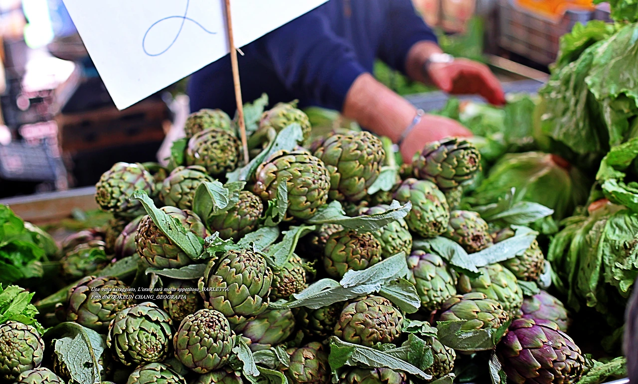 그리고 싱싱한 까르치오피(carciofi, 아티초크)가 사람들의 눈길을 끌고 있다. 봄이 오시면 넘쳐나는 녀석이지만 이곳 사람들은 까르치오피의 효능을 잘 알고 있으므로 거의 매일 장바구니에 담아 간다. 까르치오피는 서양의 불로초로 널리 알려졌으며 간 건강 과 혈중 중성지방, 콜레스테롤 개선에 뛰어난 작용을 하는 것으로 알려졌다. 그뿐 아니라 고혈압 환자의 수축기, 이완기 혈압을 개선하는 것으로 알려진 신비의 식재료라고나 할까..
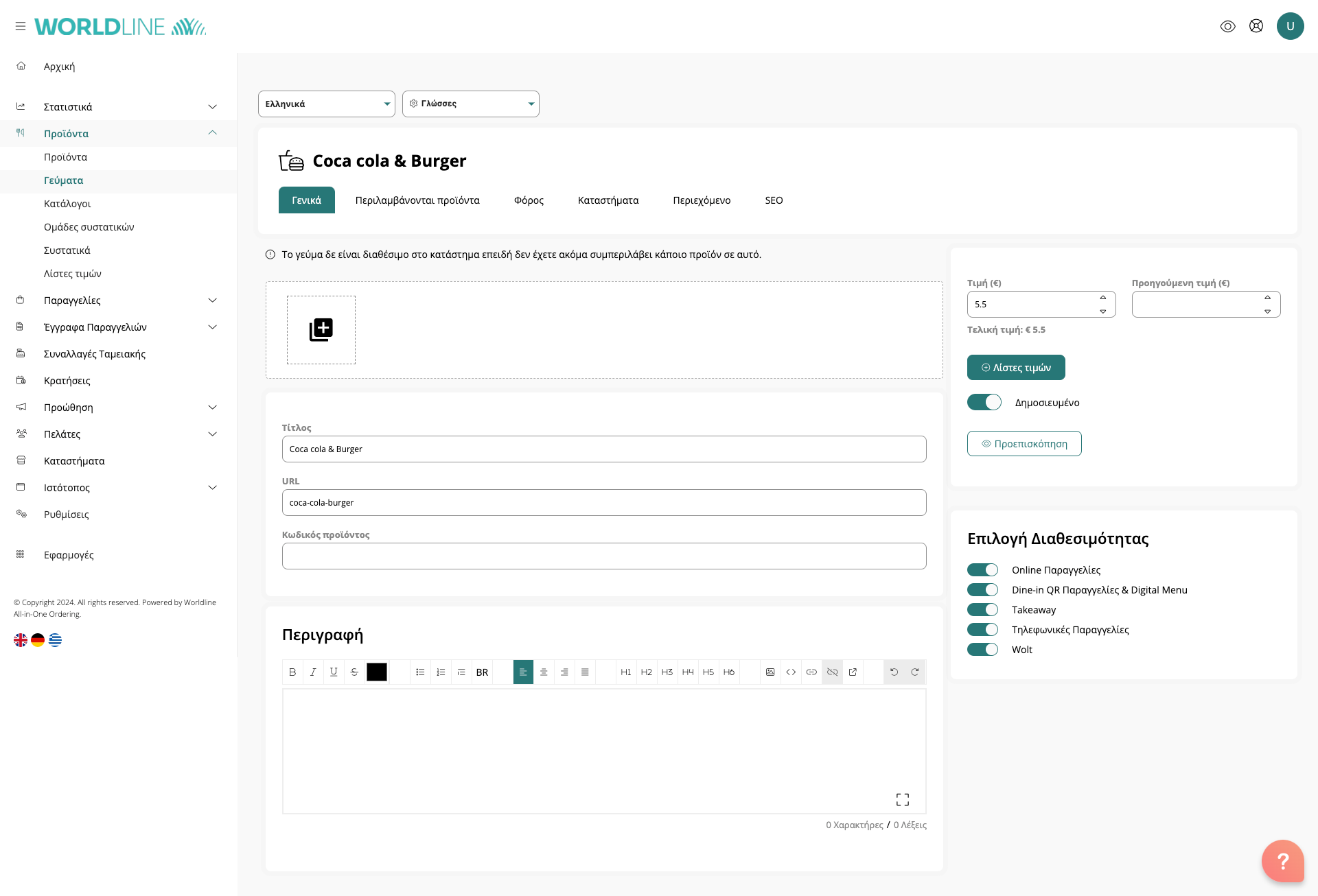 Το Worldline All-in-one Ordering σας δίνει όλα τα εργαλεία και τις δυνατότητες για τη δημιουργία γευμάτων για κάθε τύπο προϊόντος που θέλετε να πουλήσετε στους πελάτες σας.
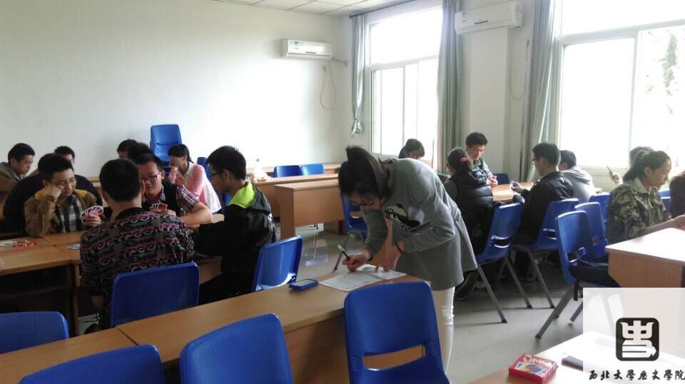 421日下午两点三十分,经过紧锣密鼓的准备,历史学院学生会组织部于院楼420教室成功的举办了UNO纸牌友谊交流赛。UNO纸牌是一个集智慧与运气于一身的休闲牌类,有着很高的娱乐性和竞技性,近年来深受中国青年群体的喜爱。为了丰富同学们的课余生活,活跃大家的气氛,不占用大家学习的时间,我们选择了星期六这个恰当的时机举行友谊交流赛。
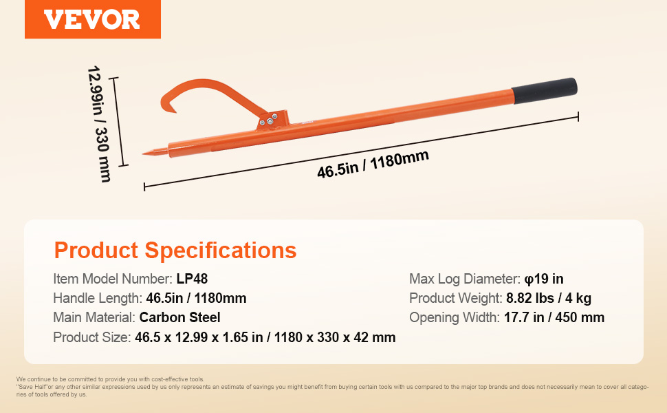 Tämä 46.5-tuumainen tukinkääntäjä hyödyntää vipuvoimaa, mikä helpottaa puiden pyörittämistä, vetämistä ja asettamista sahaukseen. Säädettävä koukku sopii enintään φ18-tuumaisten tukien käsittelyyn, ja kumipäällysteinen kahva parantaa otetta ja käyttömukavuutta. Runkomateriaali on kestävää ja ruostumista hyvin sietävää hiiliterästä, joka soveltuu pitkäaikaiseen käyttöön.
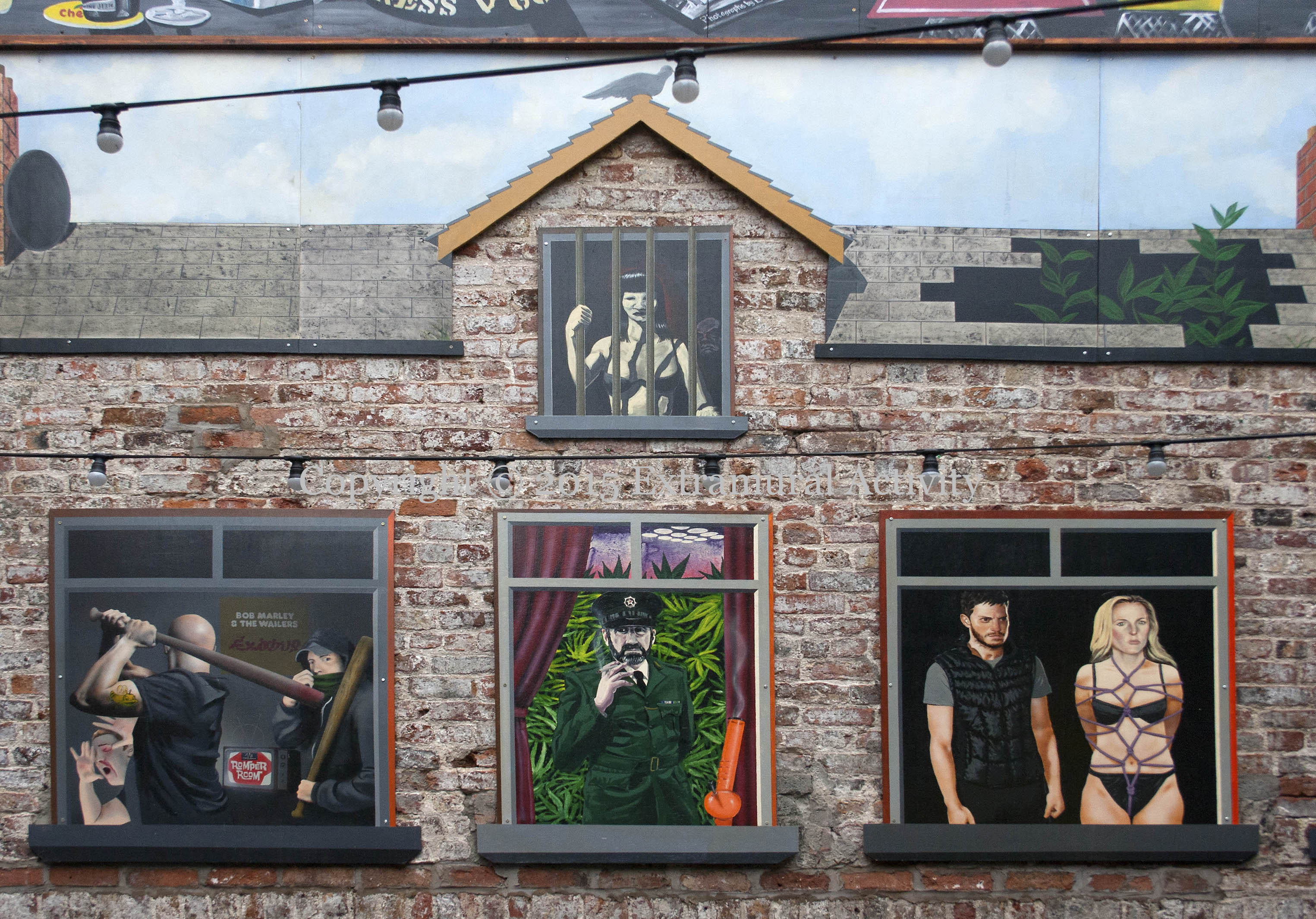 The panel above is one of a dozen from the new “upstairs” part of the Belfast Windows piece by Ciaran Gallagher (web) in the courtyard of the Dark Horse/Duke Of York. As Ciaran himself warns on his Facebook page, the “upstairs” material is adult and “not for the faint-hearted”. Below you can see the middle quartet: in the attic, a semi-nude woman behind bars with a menacing face in the background; on the left, Romper Room is on the TV and the skinhead sports a Mr. Do-Bee tattoo, but this is a UDA romper room, not kid’s playtime: two hoods take baseball bats to a victim; and in the middle, a pot-smoking policeman (in RUC/early-PSNI uniform) stands under the grow-lights of a cannabis factory.
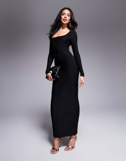 ASOS DESIGN – Geschmeidiges, langärmliges Maxikleid in Schwarz mit eckigem Ausschnitt
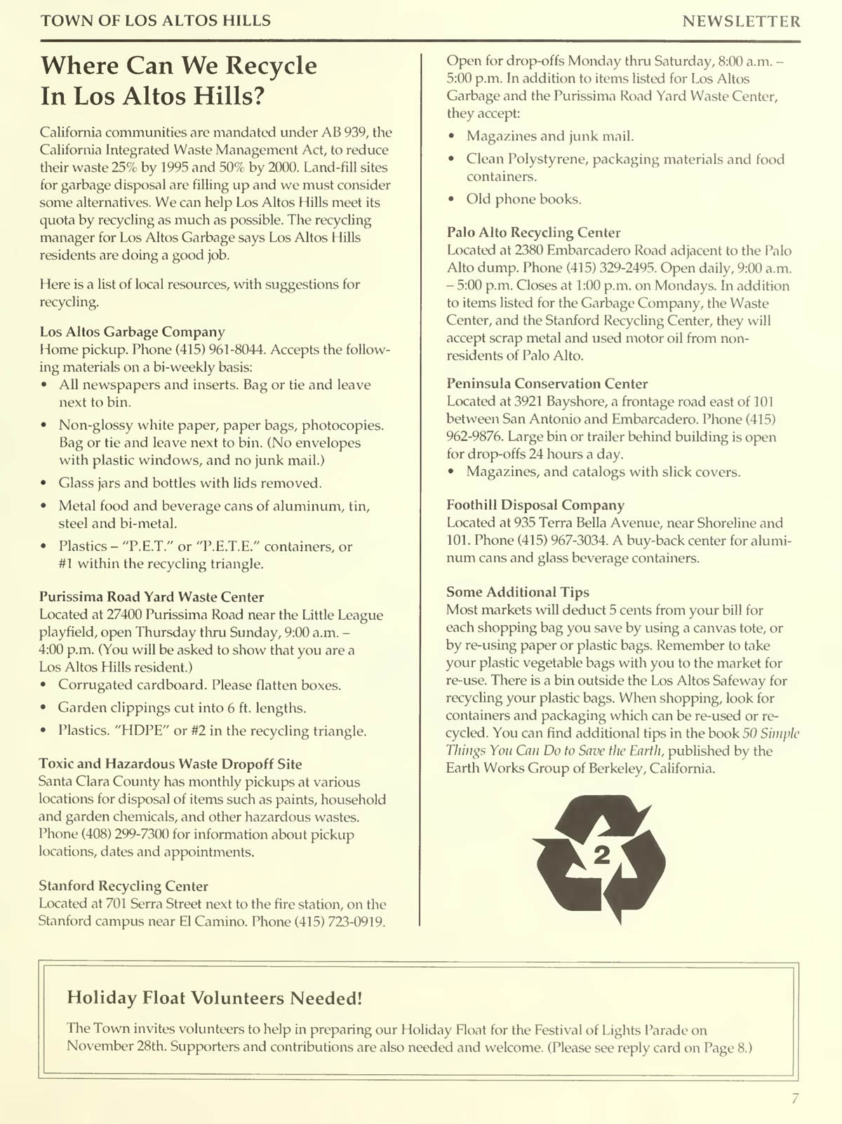 Where can we recycle in LAH?, Holiday Float volunteers needed |
**********
**Requirement**
Output the full set of records above without changing a word, and drop the images.

**Exercise result**
 그리고 싱싱한 까르치오피(carciofi, 아티초크)가 사람들의 눈길을 끌고 있다. 봄이 오시면 넘쳐나는 녀석이지만 이곳 사람들은 까르치오피의 효능을 잘 알고 있으므로 거의 매일 장바구니에 담아 간다. 까르치오피는 서양의 불로초로 널리 알려졌으며 간 건강 과 혈중 중성지방, 콜레스테롤 개선에 뛰어난 작용을 하는 것으로 알려졌다. 그뿐 아니라 고혈압 환자의 수축기, 이완기 혈압을 개선하는 것으로 알려진 신비의 식재료라고나 할까..
 Το Worldline All-in-one Ordering σας δίνει όλα τα εργαλεία και τις δυνατότητες για τη δημιουργία γευμάτων για κάθε τύπο προϊόντος που θέλετε να πουλήσετε στους πελάτες σας.
 421日下午两点三十分,经过紧锣密鼓的准备,历史学院学生会组织部于院楼420教室成功的举办了UNO纸牌友谊交流赛。UNO纸牌是一个集智慧与运气于一身的休闲牌类,有着很高的娱乐性和竞技性,近年来深受中国青年群体的喜爱。为了丰富同学们的课余生活,活跃大家的气氛,不占用大家学习的时间,我们选择了星期六这个恰当的时机举行友谊交流赛。
 Tämä 46.5-tuumainen tukinkääntäjä hyödyntää vipuvoimaa, mikä helpottaa puiden pyörittämistä, vetämistä ja asettamista sahaukseen. Säädettävä koukku sopii enintään φ18-tuumaisten tukien käsittelyyn, ja kumipäällysteinen kahva parantaa otetta ja käyttömukavuutta. Runkomateriaali on kestävää ja ruostumista hyvin sietävää hiiliterästä, joka soveltuu pitkäaikaiseen käyttöön.
 The panel above is one of a dozen from the new “upstairs” part of the Belfast Windows piece by Ciaran Gallagher (web) in the courtyard of the Dark Horse/Duke Of York. As Ciaran himself warns on his Facebook page, the “upstairs” material is adult and “not for the faint-hearted”. Below you can see the middle quartet: in the attic, a semi-nude woman behind bars with a menacing face in the background; on the left, Romper Room is on the TV and the skinhead sports a Mr. Do-Bee tattoo, but this is a UDA romper room, not kid’s playtime: two hoods take baseball bats to a victim; and in the middle, a pot-smoking policeman (in RUC/early-PSNI uniform) stands under the grow-lights of a cannabis factory.
 ASOS DESIGN – Geschmeidiges, langärmliges Maxikleid in Schwarz mit eckigem Ausschnitt
 Where can we recycle in LAH?, Holiday Float volunteers needed |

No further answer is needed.